Kevin Hassett, Trump's selection to chair the President's Council of Economic Advisors, has said “The truth is a tax cut like [cutting the statutory corporate income tax from 35% to 20%--DAC] this very conservatively will increase the median wage about $4,000 a year.”   That would result in earnings increases for U.S. workers of about $616 billion per year (based on the current employment level of about 154 million.  While I cannot find an estimate of the number of workers employed by general corporations, what I have found suggests that only around 50% of US workers work for such firms (or around 77 million workers).  And this would suggest that the average increase in earnings of corporate employees would have to rise by about $8,000 per worker.  So here's what I would say--do not count on Hassett's forecast coming true at any time in the foreseeable future.

If U.S. corporations were, in fact paying the statutory rate, and if their profits continued at their 2016 level ($2 trillion), corporate tax liabilities would fall from about $750 billion to about $414 billion.  Since 2011, however, the average effective corporate tax rate has been...about 20%.  Independent estimates of the effect of restructuring the corporate tax rate along the lines being proposed suggest that corporations would see tax reductions of about $200 billion.  
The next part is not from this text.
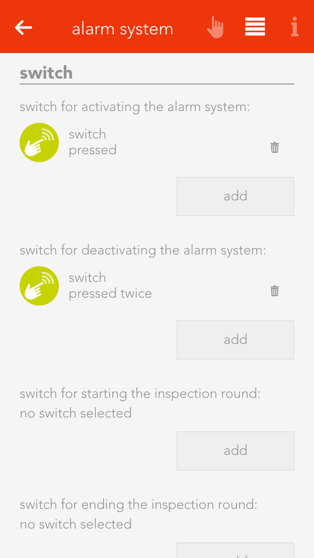 Use the button “add” to select all the actions you wish to happen when an alarm is triggered (e.g. switch lights on, activate siren, etc.).

So there is a real disconnect here.  Hassett's estimate of the effect of the tax cut on worker earnings is about 50% higher than the total receipts from the corporate income tax, and about 3 times the size of other estimates of the corporate tax saving.  Either of those estimates of the relationship between earnings and corporate income tax cuts seems, at best, over-optimistic.  They imply that after-tax corporate income would fall, and no study ever conducted of the incidence of the corporate income tax suggests such an outcome.  And note that this is from a cut in corporate income taxes; the reduction in corporate income tax rates would not directly affect non-corporate entities.

In fact, the number of general corporations in the US has declined by about 1 million since 1986, as alternative forms of organization have increased.  This change has been driven by several factors, but it suggests that corporate income taxes have become of declining importance--and, therefore, that reductions in corporate income tax rates are likely to be less and less important.

We might well conclude that corporate income taxes are an inefficient method or raising revenues.  But to suggest that reducing the existing corporate tax rate would lead to explosive growth in the average earnings of all US workers--or even of the average earnings of corporate employees--is to engage in fantasy.